Maria Helena Diniz ressalva o fato de que este perigo deva ser decorrente da atividade em si e não da postura do agente:

É preciso deixar bem claro que o perigo deve resultar do exercício da atividade e não do comportamento do agente. Como pontifica Marco Comporti, a atividade perigosa é a que contém notável potencialidade danosa, em relação ao critério da normalidade média, revelada por meio de estatísticas e elementos técnicos e da experiência comum. Logo, todo aquele que desenvolve atividade lícita que possa gerar perigo para outrem deverá responder pelo risco, exonerando-se o lesado da prova da culpa do lesante. A vítima deverá apenas provar o nexo causal, não se admitindo qualquer escusa subjetiva do imputado. A responsabilidade, fundada no risco, consiste, portanto, na obrigação de indenizar o dano produzido por atividade exercida no interesse do agente e sob seu controle, sem que haja qualque indagação sobre o comportamento do lesante, fixando-se no elemento objetivo, isto é,na relaçãodecausalidade entre o dano e a conduta dos seu causador.52

O risco, pois, vincula-se à coisa, à atividade, ao caráter impessoal, extrapolando a culpa pessoal, subjetiva. Ampliam-se as possibilidades de responsabilidade para que se possa atender, de forma justa e isonômica, número elevado de vítimas que, até então, encontravam-se incapazes de verem ressarcidos os danos sofridos.

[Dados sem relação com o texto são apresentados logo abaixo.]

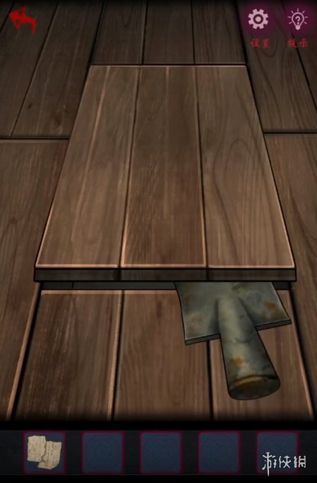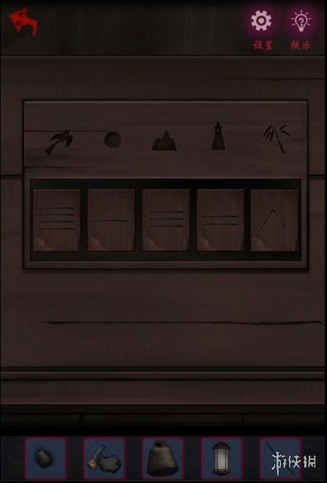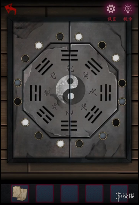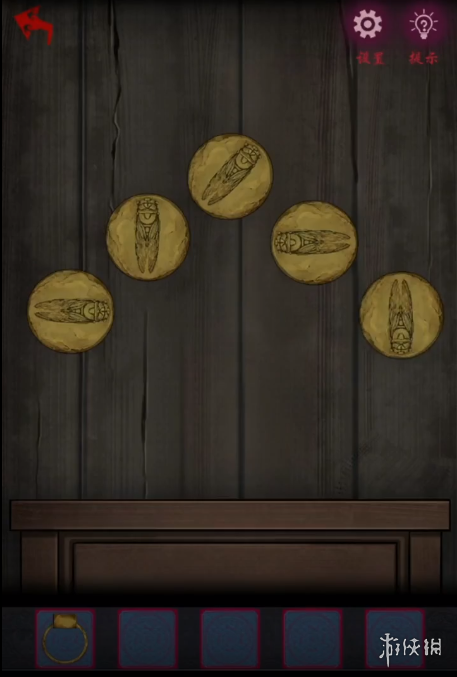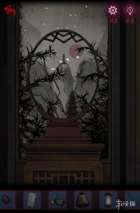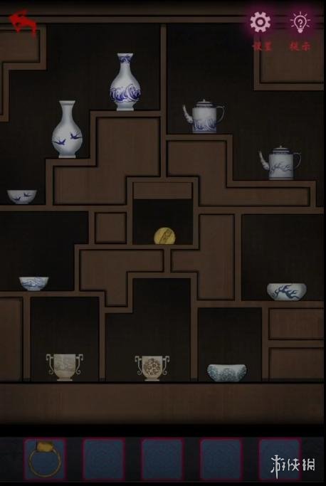 在左边柜子上获得【把手】,右边获得【油灯】,使用油灯在右边柜子下点亮获得【玉器】,挂画的后面获得【驱虫粉】和【账簿】,使用驱虫粉赶走左边柜子下的虫子获得【花瓶】,将花瓶玉器瓷器按照下图进行摆放获得【蝉摆件】,把蝉放到左边的墙上,旋转到下图位置,打开暗门。

Fala-se, pois, da criação de nova teoria que visa preencher lacunas deixadas pela subjetiva, sem, contudo, necessariamente substituí-la, sendo certo que o Direito pátrio recepciona, de forma harmônica, ambas as teorias subjetiva e objetiva.

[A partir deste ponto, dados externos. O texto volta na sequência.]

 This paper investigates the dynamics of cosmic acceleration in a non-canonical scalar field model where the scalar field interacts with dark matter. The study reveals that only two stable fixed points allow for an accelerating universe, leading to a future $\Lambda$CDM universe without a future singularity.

O que se quer com a implementação da responsabilidade objetiva e com a teoria do risco é evitar que se reproduzam, no Judiciário, sentenças acríticas que lesam pessoas que figurem como parte mais frágil de determinadas relações jurídicas, seja pela condição financeira, seja pela dificuldade em produzir-se provas de culpa do ofensor. A técnica individualista se mostrou, pois, insuficiente para atender princípios constitucionais

de solidariedade social e de justiça distributiva que devem permear todo o Ordenamento Jurídico pátrio, criando, por vezes, espécie de securitização das atividades produtivas53.